Past Exhibition

Good Company: Five Artist Communities in New Mexico

Jozef G. Bakos, The Springtime Rainbow, 1923, oil on canvas, 29 1/2 x 35 1/2 in. Collection of the New Mexico Museum of Art. Gift of Jozef G. Bakos in honor of Teresa Bakos, 1974 (3098.23P) Photo by Blair Clark

New Mexico has consistently provided fertile ground for communities of artists to gather together and create shared forums for their individual visions. The Taos Society of Artists, Los Cinco Pintores, the Transcendental Painting Group, Rio Grande Painters Group and the artists of Stieglitz circle were among the many communities of artists that formed in New Mexico over the first half of the twentieth century. Despite their shared desire to build a creative community each of these five groups had a distinctive aesthetic, artistic philosophy and reasons for joining together. It is important to keep in mind that common artistic interests of individual members, not a didactic “school” mindset, informed the aesthetics of these groups. Viewed together these artists offer a fair overview of the art scene that thrived here during the first half of the twentieth century. Their works express the variety and range of creative output in New Mexico during this pivotal time in American and Southwestern art history.

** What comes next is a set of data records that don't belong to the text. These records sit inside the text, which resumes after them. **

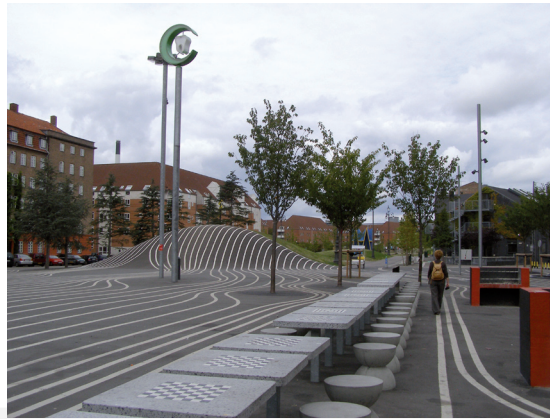
Ill. 17. Copenhagen – Superkilen Urban Park, “the Black Square” by Bjärke Igels Group

Il. 16. Kopenhaga – Plac Superkilen „Zielone wzgórze” proj. Bjärke Igels Group
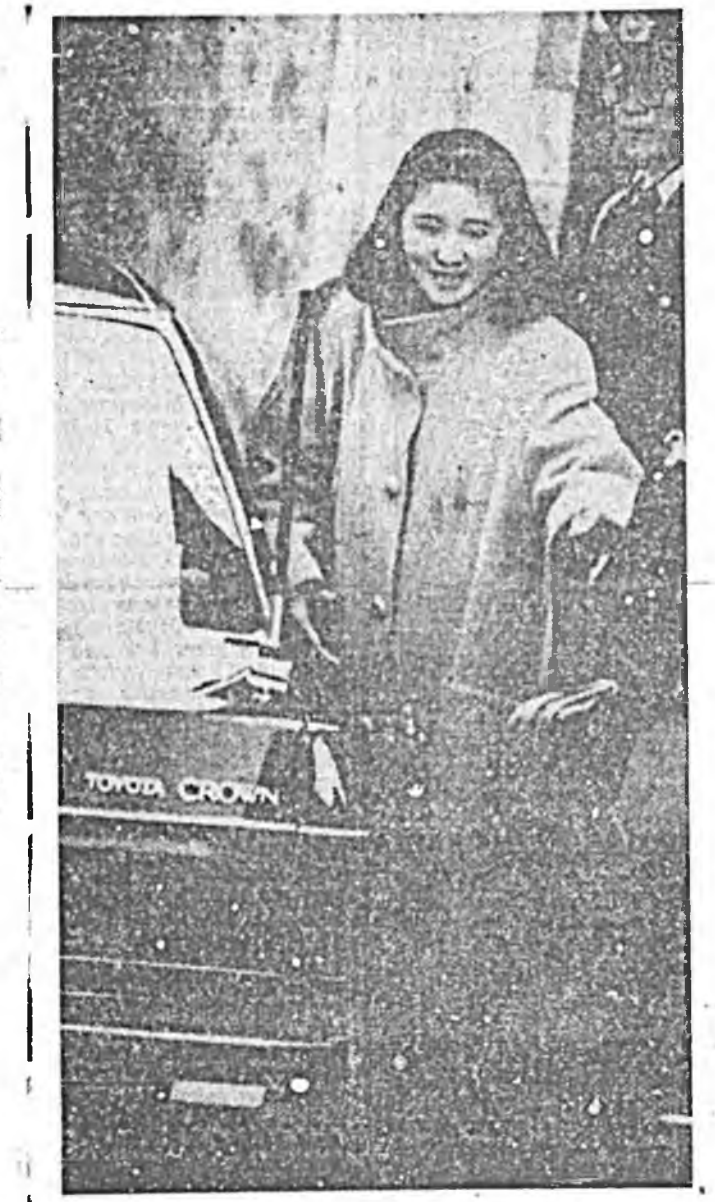
Токно. Нёдондо жёлэй һүүл багта орон соо хүлэгдээгүй һураг суу сахилгаан мэтээр таража, олоной анхарал эхэтээр татаба.

Урда Хиллари Клинтон Арканзаста юристээр хүдэлхэн, хүүгэдэе хамгаалха нигитын жасне ба байгаалы хамгаалтын асуудалуудаар өмбөлөгдөн совдэй хүтэлбэрийд байган юм ха.
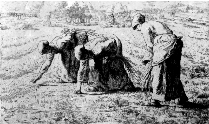
Abb. 3: Ährenleserinnen, Radierung von Jean-François Millet, 1857.

Wie diese Kinder wanderten alljährlich ganze Gruppen von Frauen, gleichfalls meist aus dem südlichen Vorarlberg, zur Zeit der Getreideernte bis nach Biberach und Kempten, um für einige Wochen als „Ährenleserinnen“ die nach dem Einbringen der Ernte liegengebliebenen Halme aufzusammeln. 85
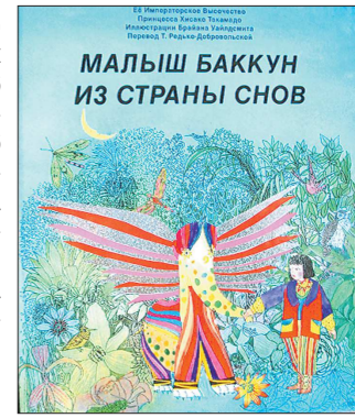
Мальчик Баккун из страны снов
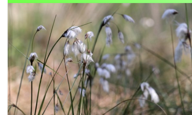
Linaigrette à feuilles étroites

Par un aller-retour vous découvrirez un parcours aménagé autour de l'étang de La Lande Forêt qui traverse une tourbière, un bois marécageux, une forêt de feuillus, riches d'une faune et d'une flore remarquables.
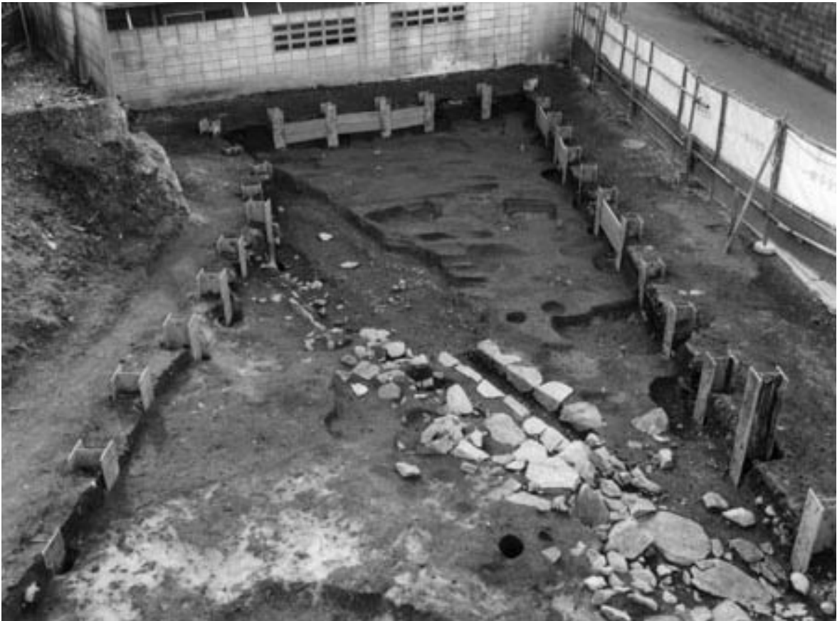
2 3次調査2区第1面全景（北東から）
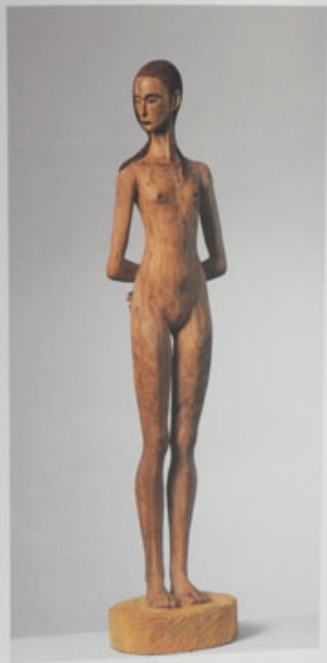
Luciano Minguzzi, 133 x 28 x 20 cm, Scarpal edition 1/3

At the end of the nineteenth century some of the first academically-trained American artists began to visit Taos, later to form the Taos Society of Artists. After the Taos Society disbanded in 1927, Taos remained a thriving arts center with major American Modernists passing through to experience the Southwest for themselves. Many of these artists were already active in the New York art scene based around the gallery of visionary photographer Alfred Stieglitz. These same artists were drawn West to the salon of patron Mabel Dodge Lujan, who was also connected with Stieglitz and whose early embrace of Modernism provided early support for many of twentieth-century America’s most innovative figures. Taos was also the birthplace of the Transcendental Painting Group, but the group was not tied to Taos, with members active in Santa Fe, Albuquerque and Cathedral City, California among other places. In 1917 the New Mexico Museum of Art opened, signaling New Mexico as a destination that valued and supported the arts, and thus drew numerous artists from across the country to live and work here. Santa Fe then began to cultivate an artistic identity distinct from Taos, and the artists working here formed their own groups, including Los Cinco Pintores in the 1920s and the Rio Grande Painters Group a generation later. Most of these groups were formally active for only a short period of time. The artists in this exhibition were already creating significant works before joining their respective communities and these works of art reflect that wide scope of work. Once the formal community system was no longer useful, the creative vision of the artists involved did not die out.

Juxtaposing these five groups offers a close comparison of the characteristic ways each group engaged the unique culture and landscape that drew them to New Mexico.